In order to raise $430 million, the governor of New Jersey has proposed to tax hospitals about $1,400 a bed. Half the funds would be used to increase matching funds from the federal government under Medicaid. (Source)
Many states require providers, including nursing homes, to pay a tax or “quality assessment fee.” States use this money to obtain matching funds from the federal government under the 50/50 Medicaid match system. There is currently no provider tax assessed against nursing homes in Texas. (Source)

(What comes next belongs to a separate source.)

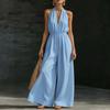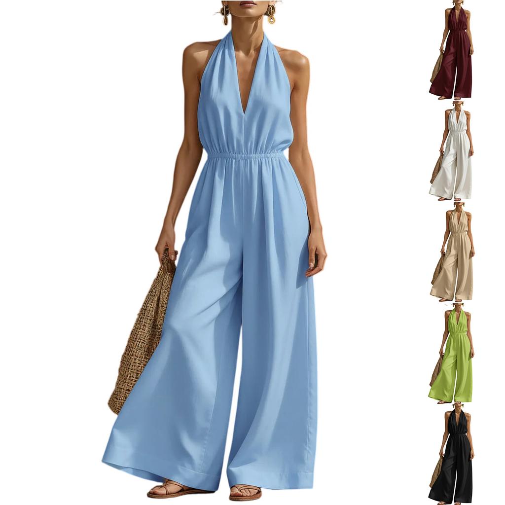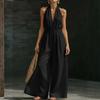 Women's V-neck Wide-leg Sleeveless Belted Long Jumpsuit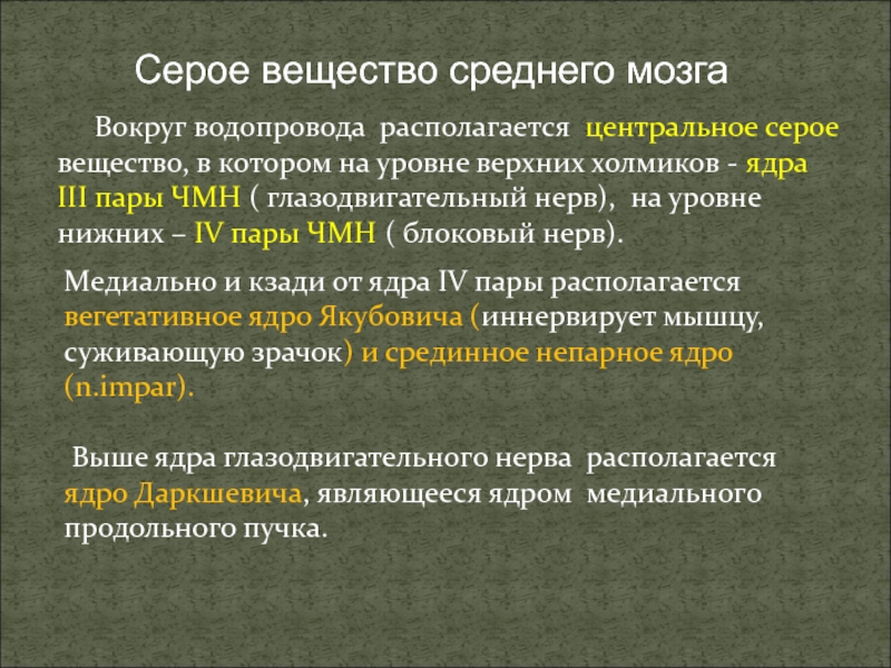 Выше ядра глазодвигательного нерва располагается ядро Даркшевича, являющееся ядром медиального продольного пучка.

Medicaid is funded through a variety of ways, and the provider tax is one. For those who want to learn more about how Medicaid is funded, I recommend a 2004 report titled, The Basics: Medicaid Financing (PDF). From the section on provider taxes:
Provider taxes are a mechanism states have used to generate the state matching funds needed to receive FFP. Beginning in the mid-1980s, states began using revenues from the imposition of fees, assessments, and other taxes on health care providers to generate the state match. In 1991, Congress placed limits on the use of provider taxes by requiring that the taxes be imposed uniformly on all providers (for example, hospitals, nursing facilities, and managed care organizations) and by prohibiting providers from being “held harmless for the costs of the tax,” that is, guaranteed that a portion of the tax amount would be returned to the provider after the federal matching funds were received.